WHAT THE EXERCISE ASKS: Output exactly the lines of the listing below that run from the line with "Kjøpt på Indiegogo" through the line with "Old man's head". No pictures.

RECORDS PROVIDED:
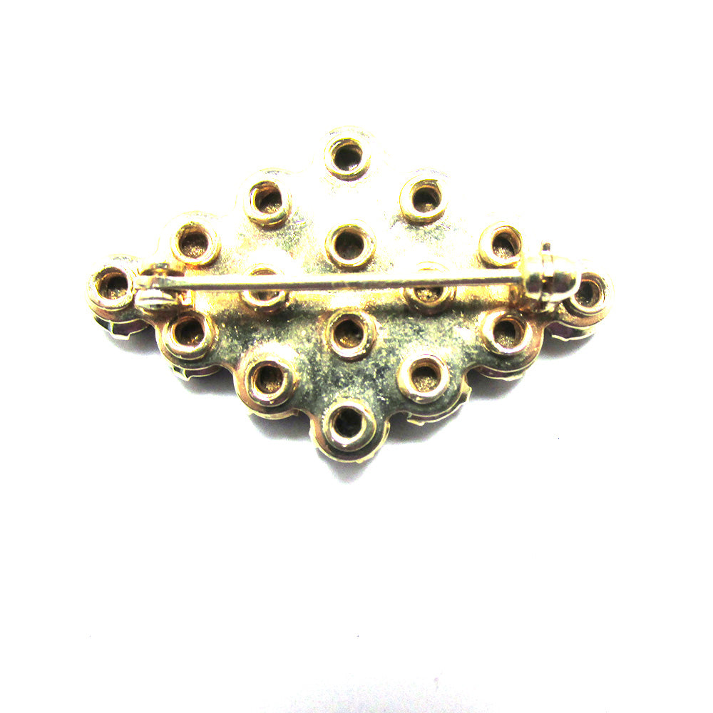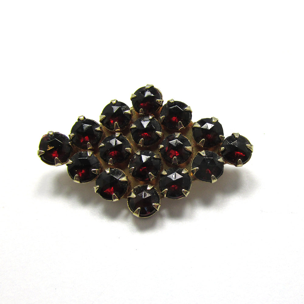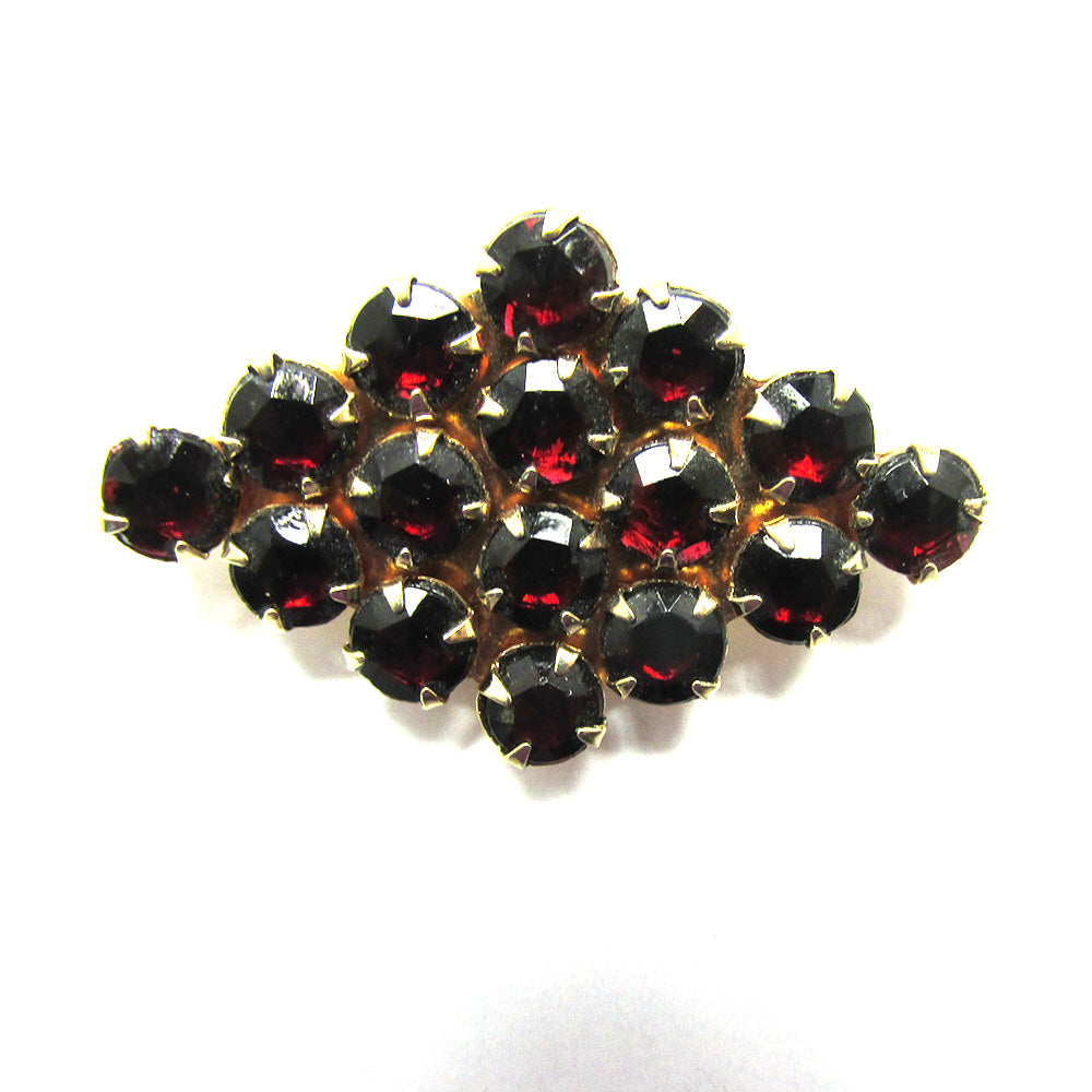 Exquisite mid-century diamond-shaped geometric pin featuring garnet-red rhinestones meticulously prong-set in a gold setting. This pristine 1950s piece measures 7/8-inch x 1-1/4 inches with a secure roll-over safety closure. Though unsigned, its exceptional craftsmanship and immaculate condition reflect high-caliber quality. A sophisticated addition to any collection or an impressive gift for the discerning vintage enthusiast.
---
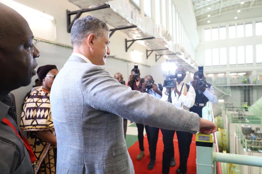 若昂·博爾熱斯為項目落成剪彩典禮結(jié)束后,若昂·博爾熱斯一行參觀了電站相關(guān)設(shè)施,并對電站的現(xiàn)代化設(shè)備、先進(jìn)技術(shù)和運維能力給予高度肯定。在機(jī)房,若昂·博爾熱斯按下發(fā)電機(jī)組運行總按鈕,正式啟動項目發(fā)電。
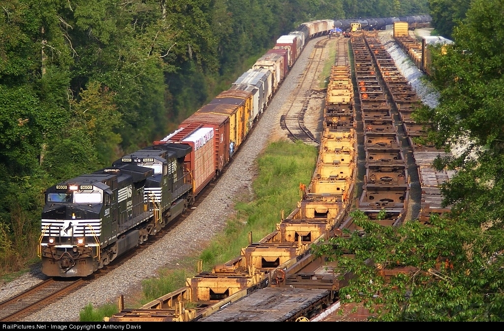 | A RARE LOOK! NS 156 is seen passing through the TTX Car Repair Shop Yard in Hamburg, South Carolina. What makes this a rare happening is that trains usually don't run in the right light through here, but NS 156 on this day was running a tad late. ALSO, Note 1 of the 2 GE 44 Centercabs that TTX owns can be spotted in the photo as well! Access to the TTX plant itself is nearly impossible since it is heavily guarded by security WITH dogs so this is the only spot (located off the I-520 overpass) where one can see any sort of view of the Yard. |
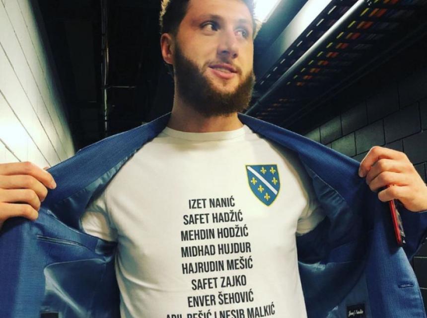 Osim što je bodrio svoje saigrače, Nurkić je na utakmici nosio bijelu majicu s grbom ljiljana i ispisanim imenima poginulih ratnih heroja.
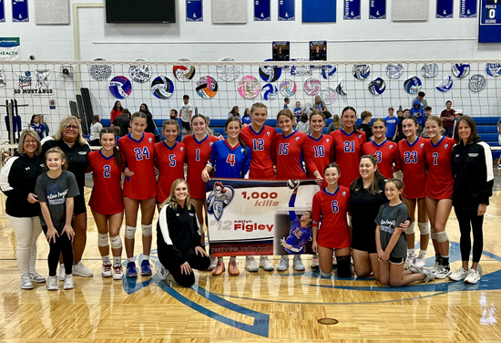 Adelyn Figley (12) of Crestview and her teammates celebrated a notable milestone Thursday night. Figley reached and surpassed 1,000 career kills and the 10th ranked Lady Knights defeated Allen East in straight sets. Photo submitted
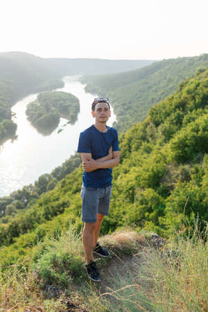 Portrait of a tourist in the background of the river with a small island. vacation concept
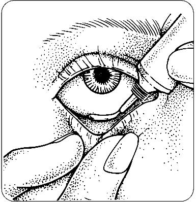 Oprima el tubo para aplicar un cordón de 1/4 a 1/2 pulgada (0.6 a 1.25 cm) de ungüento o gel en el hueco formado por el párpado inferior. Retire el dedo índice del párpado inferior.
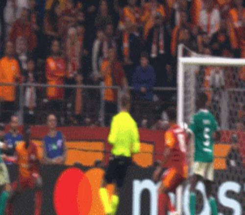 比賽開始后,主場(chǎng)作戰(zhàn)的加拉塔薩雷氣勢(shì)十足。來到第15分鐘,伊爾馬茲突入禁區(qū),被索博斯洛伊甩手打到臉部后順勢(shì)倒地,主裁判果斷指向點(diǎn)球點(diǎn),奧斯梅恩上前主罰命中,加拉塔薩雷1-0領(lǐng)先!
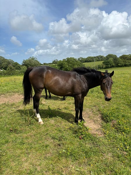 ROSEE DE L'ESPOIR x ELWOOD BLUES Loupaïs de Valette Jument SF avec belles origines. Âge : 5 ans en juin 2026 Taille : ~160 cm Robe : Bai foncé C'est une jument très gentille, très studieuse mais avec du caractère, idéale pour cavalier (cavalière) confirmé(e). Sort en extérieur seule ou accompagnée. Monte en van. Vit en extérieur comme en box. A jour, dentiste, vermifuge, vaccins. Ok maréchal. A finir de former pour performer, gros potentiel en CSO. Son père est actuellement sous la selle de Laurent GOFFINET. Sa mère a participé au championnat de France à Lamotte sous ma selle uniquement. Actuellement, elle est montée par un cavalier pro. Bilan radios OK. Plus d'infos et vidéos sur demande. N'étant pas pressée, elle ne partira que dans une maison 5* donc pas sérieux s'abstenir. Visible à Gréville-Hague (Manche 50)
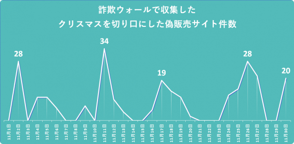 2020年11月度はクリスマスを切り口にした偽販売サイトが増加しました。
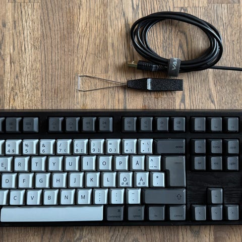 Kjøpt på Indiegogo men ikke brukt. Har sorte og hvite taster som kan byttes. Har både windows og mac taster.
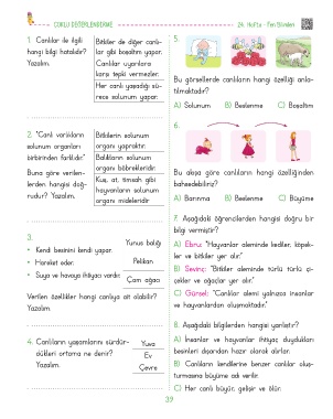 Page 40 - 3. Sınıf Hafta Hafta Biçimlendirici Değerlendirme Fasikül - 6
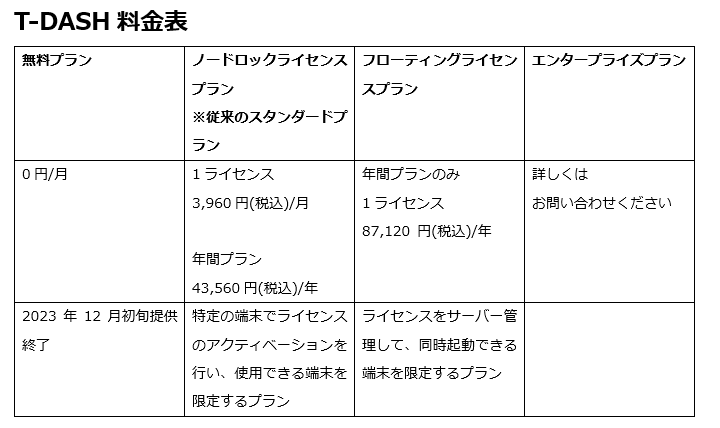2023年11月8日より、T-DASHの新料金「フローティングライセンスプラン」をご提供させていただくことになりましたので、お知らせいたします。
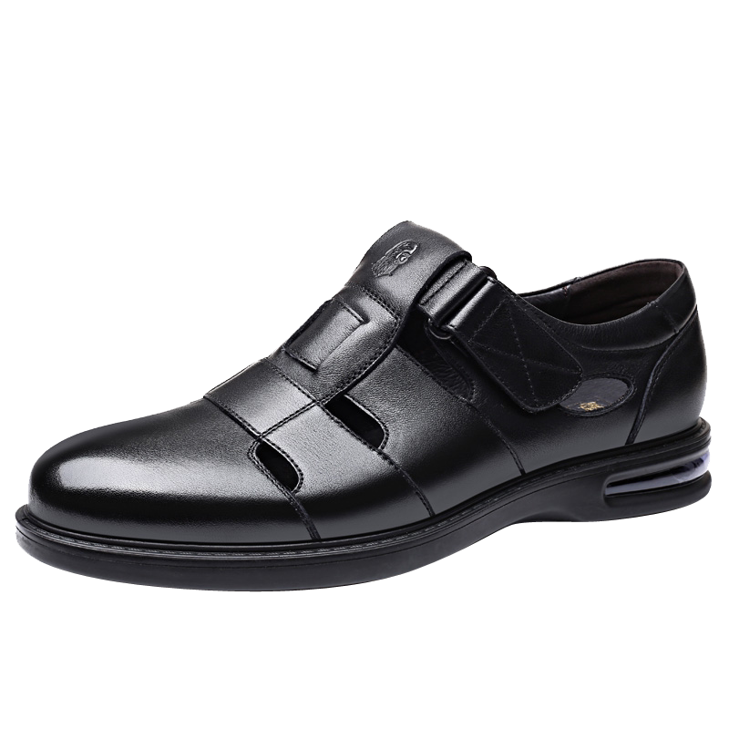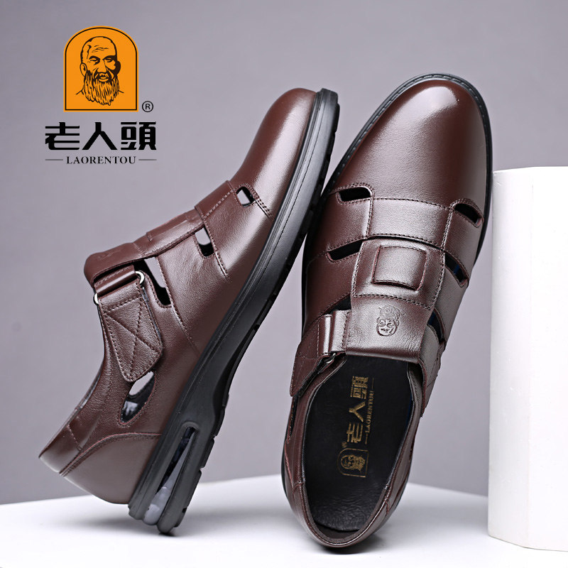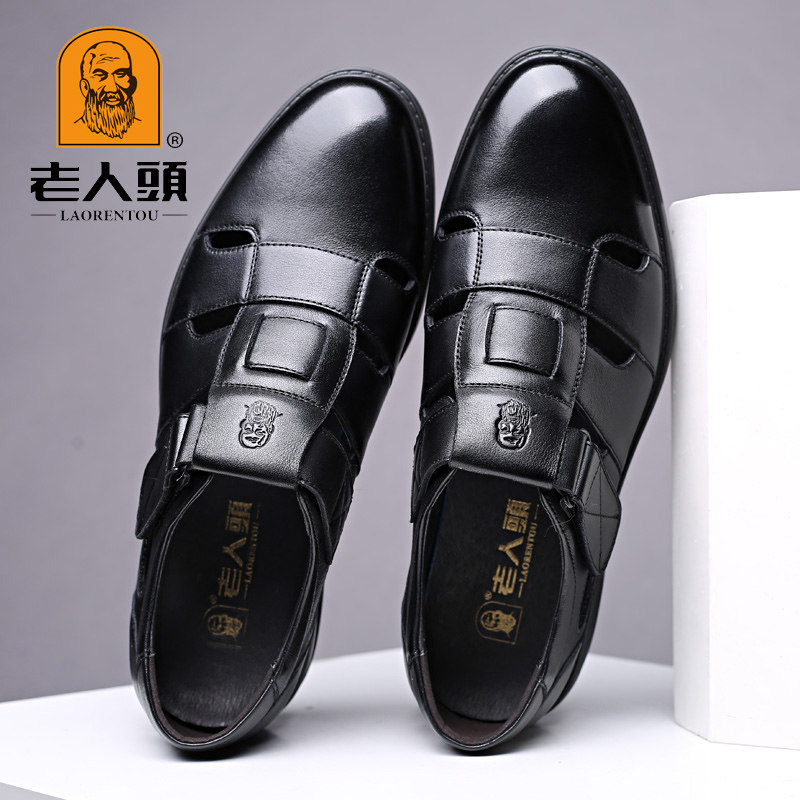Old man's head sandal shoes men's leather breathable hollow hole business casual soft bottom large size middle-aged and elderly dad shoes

EXERCISE ANSWER:
 Kjøpt på Indiegogo men ikke brukt. Har sorte og hvite taster som kan byttes. Har både windows og mac taster.
 Page 40 - 3. Sınıf Hafta Hafta Biçimlendirici Değerlendirme Fasikül - 6
2023年11月8日より、T-DASHの新料金「フローティングライセンスプラン」をご提供させていただくことになりましたので、お知らせいたします。
Old man's head sandal shoes men's leather breathable hollow hole business casual soft bottom large size middle-aged and elderly dad shoes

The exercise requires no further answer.